Phobos automatically captures most of the relevant monitoring data for you through the use of Phobos' integration with Akka.NET actors. For the parts that we can't automatically capture, we expose the tools for you to do it.
Captured Metrics
For details on the types of metrics that Phobos captures automatically for individual actors and ActorSystem
instances, please click here.
Global, Node-Specific, Class-Specific, and Actor-Specific Metrics
Phobos.Monitoring
allows for extremely fine-grained monitoring out of the box - if you want to know how many messages per second the actor at /user/ops/router1/$d
on node akka.tcp://MyCluster@localhost:9110
is processing, Phobos captures data down to that level of detail automatically.
Or - if you want to know how many messages per second all actors at /user/ops/router1/$d
across the entire cluster_ are processing, Phobos capture that too.

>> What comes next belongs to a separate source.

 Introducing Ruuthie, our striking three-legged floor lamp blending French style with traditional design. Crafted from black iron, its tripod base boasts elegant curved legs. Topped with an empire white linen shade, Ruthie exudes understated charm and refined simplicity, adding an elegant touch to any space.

One of the really handy features of Phobos.Monitoring
is that's built to gather metrics along several different dimensions at all times. We do this because, naturally, software developers and operators may want to investigate performance issues with a specific piece of code, a specific piece of hardware, or a combination of the two. Thus, it's helpful to provide the external monitoring systems we integrate with the ability to automatically expand and view that data as they see fit.

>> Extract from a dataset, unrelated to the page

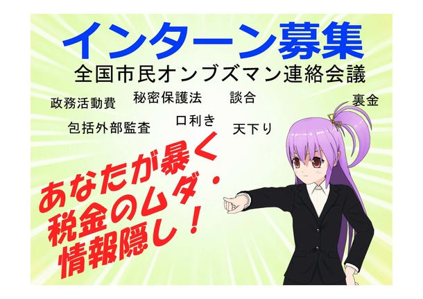 お問い合わせ先:全国市民オンブズマン連絡会議(担当:内田)

Here's an example of what the messages.recv
counter (one of the built-in metrics) might look like across those different dimensions for a specific actor:
By Actor Class | By Actor Path | ||
---|---|---|---|
Cluster-wide | {actorSystem name}.{assembly-qualified type name of actor class}.messages.recv | {actorSystem name}.{path of actor in hierarchy}.messages.recv | |
Node-specific | {nodeAddress}.{assembly-qualified type name of actor class}.messages.recv | {nodeAddress}.{path of actor in hierarchy}.messages.recv |
You don't have to explicitly tell Phobos to capture these dimensions for any of the built-in metrics - the Monitor
does this automatically.
For user-defined metrics, Phobos will automatically a cluster-wide and a node-specific view of custom metrics but nothing actor or class-specific. You can choose the metric names yourself to accomplish the same effect, however.
Architecture and Data Flow
Just like in our Phobos.Tracing example
, let's take two Akka.NET actors sending eachother messages as an example:
In this instance the child actor /user/recv/aaron
will record the following datapoints to a supported monitoring backend, such as StatsD in this instance:
user.recv.aaron.messages.recv
+1;ActorClassName.messages.recv
+ 1;ActorSystem.Name.akka.messages.recv
+1; andActorSystem.Name
+ActorSystem.Address
+.akka.messages.recv
+ 1 (if we're running with Akka.Remote or Akka.Cluster enabled.)
And all of this data can be visualized in a tool like Grafana in this with a nice dashboard:
Click here for a full-sized image.
In this instance, StatsD is the Monitoring Engine that is being used by Phobos. The underlying Phobos metrics capture system is actively publishing its metrics out over the wire to a StatsD service.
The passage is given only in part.